Contributed by Levana Saxon
Common Uses
Forum theater is a tool for exploring and rehearsing possible actions that people can take to transform their world. It’s often used both in preparation to taking action and in anti-oppression workshops.
Forum theater is one of the more commonly used tools from Theater of the Oppressed. It begins with the crafting and performance of a short play that dramatizes real situations faced by the participants and that ends with the protagonist(s) being oppressed. After the first performance, the play or scene is repeated with one crucial difference: the spectators become “spect-actors” and can at any point yell “freeze” and take the place of an actor to attempt to transform the outcome. Forum theater is an exercise in democracy in which anyone can speak and anyone can act.
One of the first things that spect-actors realize is that, as in life, if they don’t intervene, nothing will change. The next thing spect-actors find is that doing “something” is not enough, it must be a strategic something. The people acting as oppressors on stage will maintain their oppression until they are authentically stopped — and just like in life, stopping them isn’t easy. Forum theater thus becomes a laboratory to experiment with different courses of action.
The protagonists should be characters that all or most of the people in the room can identify with, so that when they intervene, they are rehearsing their own action. The point is not to show what we think other people should do — it is not theater of advice. The point is to discover what we can do.
Forum theater is facilitated by someone called a Joker, who engages the spect-actors both on and off stage in dialogue throughout the process. After an intervention, the Joker may ask, “Did this work?”, “Was this realistic?”, “Can you do this in real life?”
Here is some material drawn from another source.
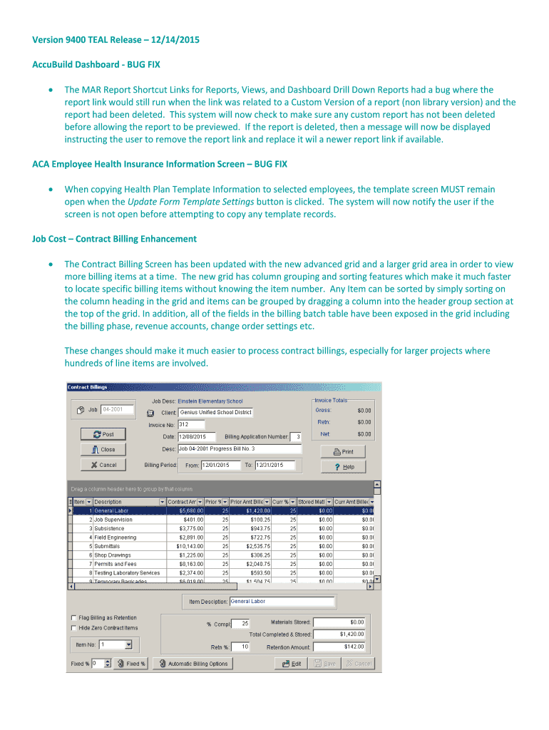 Version9400TEALRelease12/14/2015 AccuBuildDashboardBUGFIX TheMARReportShortcutLinksforReports, Views, andDashboardDrillDownReportshadabugwherethe reportlinkwouldstillrunwhenthelinkwasrelatedtoaCustomVersionofareport(nonlibraryversion)and

Forum theater was developed in a context in which it was very clear what the oppression was, who was oppressed and who the oppressors were: its originator, Augusto Boal, was living in exile from the Brazilian military dictatorship, and social movements across the continent were struggling against harsh military repression. Since then, the technique has been adapted to countless other contexts around the world, as practitioners seek to grapple with the complicated power relationships of more diverse groups of people. Often interventions will uncover multiple layers of power, dramatizing characters who are simultaneously oppressed and oppressing others.
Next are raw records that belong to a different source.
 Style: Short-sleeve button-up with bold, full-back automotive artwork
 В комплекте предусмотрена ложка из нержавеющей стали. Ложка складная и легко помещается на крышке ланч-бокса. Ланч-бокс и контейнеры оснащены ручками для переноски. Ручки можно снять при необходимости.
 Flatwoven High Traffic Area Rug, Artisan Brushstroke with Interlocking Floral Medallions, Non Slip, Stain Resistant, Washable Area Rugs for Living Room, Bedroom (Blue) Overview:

Forum theater is an effective tool of creative activism, useful for generating interventions, as an intervention itself, and for building common strategic frameworks for movements.
Potential Pitfalls
The role of the Joker is a tricky one. It is easy to leave the group with false optimism about what can work, or to run out of time before everyone is satisfied with what has been attempted. The Joker must make many small decisions in every moment, such as whether or not to allow the introduction of additional characters, whether or not to add interventions upon other interventions, how many interventions to allow, when to stop an intervention when it’s not going anywhere, and so on.
Another pitfall is to use forum theater to generate solutions and then fail to act on them: forum theater “works” to the extent that it prepares participants to intervene critically in their own lives.